Maybe, she decided, it had nothing to do with whiskers, but
something to do with her brown hair, her big ears, her big teeth.
But Mouse wasn’t sure. Sometimes she thought it had to do
with the way she looked, and then other times she thought it
had nothing to do with the way she looked, but was something
else instead, like the Salerno Butter Cookies she and her father
ate after dinner sometimes. Maybe it was because of those cook-
ies that he called her Mouse.
Mouse loved her Salerno Butter Cookies more than any other
kind of cookie, even more than homemade. She’d stack them
up on her pinkie, slide her finger through the center hole, gnaw
her way down the side of the stack just like a mouse gnawing
its way through wood.
Mouse ate her cookies at the dinner table. But one night,
when her father had his back turned, taking the dishes to the
sink to wash, she slipped an extra few in her pocket for a late-
night snack, in case she or her teddy bear got hungry.

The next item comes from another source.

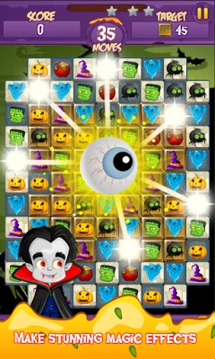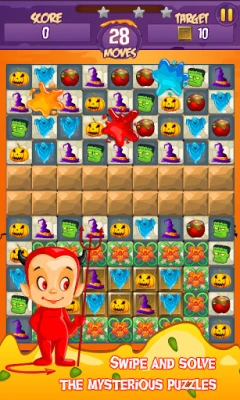 Objectives differ in over many levels. Match 3 or more magic icons of the same type, create a magnificent magical blast! It starts out simple, but becomes more and more interesting and challenging. This witch puzzle match-3 game brews magic potions & charms in an adventure of sorcery and witchcraft with amazing graphics that come with a Halloween twist. Connect charming items to match 3 or more and create waves of spine-tingling excitement.

Mouse excused herself from the table, tried sneaking up to
her bedroom with the cookies in her pockets, though she knew
that crammed there in her pockets, the cookies would quickly
turn to crumbs. To Mouse, it didn’t matter. The crumbs would
taste just as good as the cookie had.
But her father caught her red-handed trying to make off with
the cookies. He didn’t scold her. He hardly ever scolded her.
There wasn’t a need for Mouse to be scolded. Instead he teased
her for hoarding food, storing it somewhere in that bedroom of
hers like mice store food in the walls of people’s homes.
But somehow Mouse didn’t think that was why he called
her Mouse.
Because by then, she already was Mouse.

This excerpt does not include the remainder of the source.